For the June quarter, the company expects the TAM, on a unit basis, to be flat as compared to the March quarter in contrast to the historical norms of a slight decrease, with pricing consistent with historical June quarters. The company sees no significant increase in the TAM for the enterprise market and expects to maintain its leading share position in this market in the June quarter. Accordingly, the company expects revenue to be in the range of $1.9 - 2.2 billion and gross margins to improve by 300 - 400 basis points as products based on the 2.5-inch 250GB/disk and 3.5-inch 500GB/disk product platforms continue to ramp and replace less cost-efficient product platforms.
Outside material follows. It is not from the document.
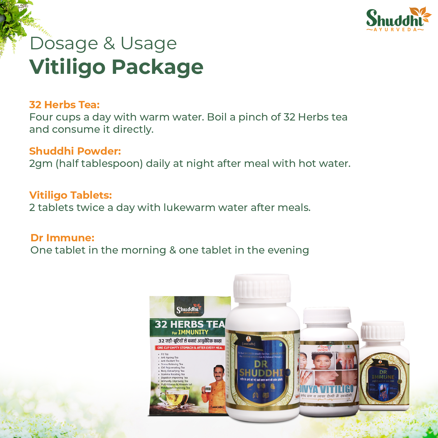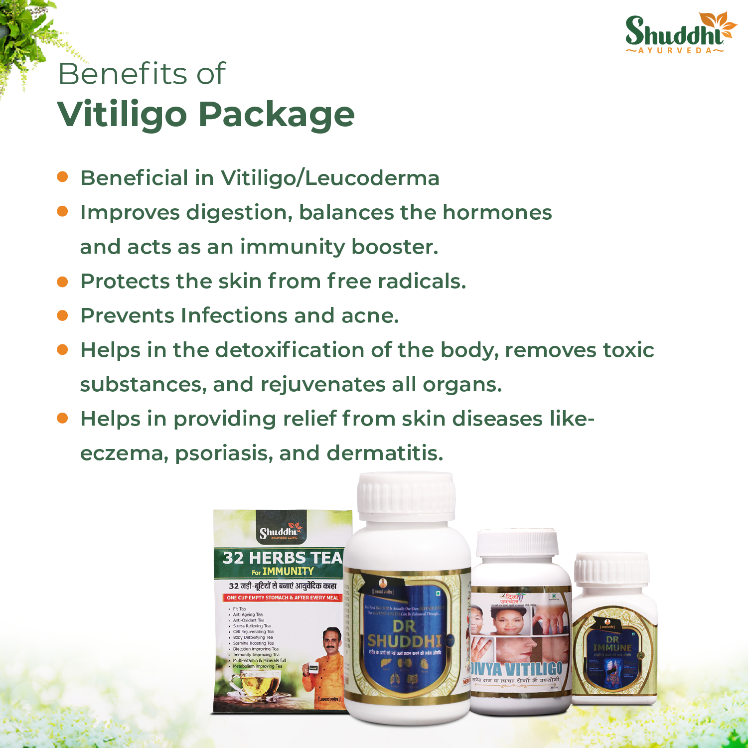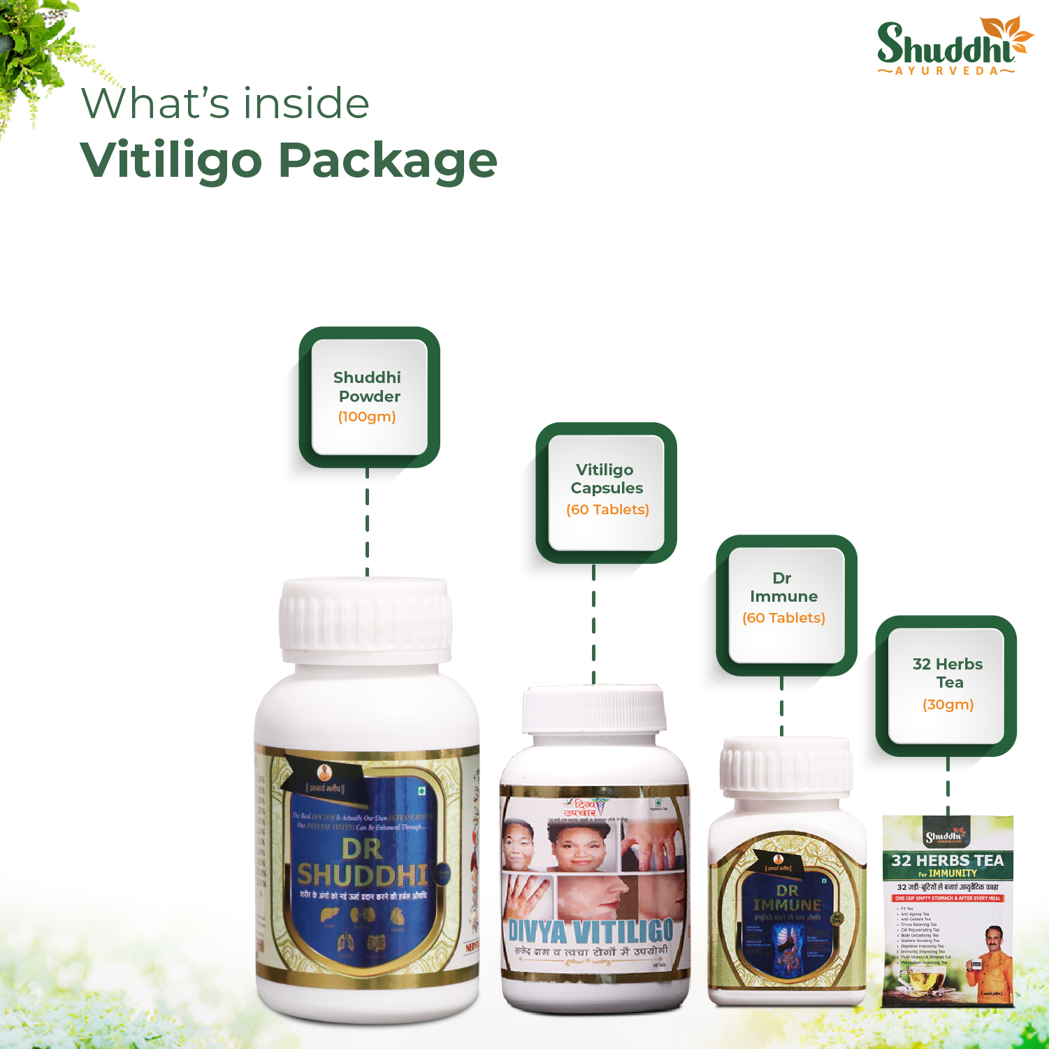 Shuddhi Vitiligo package is an ayurvedic herbal package that is beneficial in vitiligo and leucoderma diseases. The package comes with the Vitiligo tablets, Dr Immune, Dr Shuddhi Powder and 32 Herbs Tea. All these products of Shuddhi Vitiligo packages are the combination of various herbs. There are no side effect of this package.

The company believes the ongoing transition to these new product platforms, coupled with targeted cost structure reductions, provides the foundation for the continued improvement of gross margins into its fiscal year 2010. Product development and marketing/ administrative costs are expected to be approximately $340 million for the June quarter, with the targeted run rate being less than $300 million per quarter which is expected to be achieved during fiscal year 2010.
As part of the company's ongoing cost structure alignment, additional restructuring actions are currently being addressed. The company believes opportunities exist to reduce operating costs in product development, marketing/administrative and manufacturing areas to target a cost structure that generates positive cash flow and earnings within its fiscal year 2010. The estimated cost of any additional restructuring activities has yet to be determined.
The fiscal fourth quarter 2009 outlook does not include the impact of any future mergers, acquisitions, dispositions or other business combinations, financing or potential new restructuring activities the company may undertake. The company is continuing to evaluate various financing options to manage the retirement and replacement of existing debt and associated obligations, including the issuance of new straight debt securities, exchanging existing debt securities for new equity or other debt securities and retiring existing debt securities pursuant to privately negotiated transactions, open market purchases or otherwise.
Cash, cash equivalents and short-term investments as of April 3, 2009 totaled approximately $1.5 billion compared to $1.3 billion in the prior quarter. Approximately $90 million of cash restructuring payments were made during the March quarter.
To further enhance liquidity, management has recommended and the board has adopted a policy of not paying a quarterly dividend. This action is expected to reduce cash outflows by approximately $60 million annually.
As disclosed on April 6, 2009, the company has amended the terms and financial covenants relating to the existing revolving credit facility. The company believes the new financial covenants provide adequate flexibility for the remaining term of the credit facility.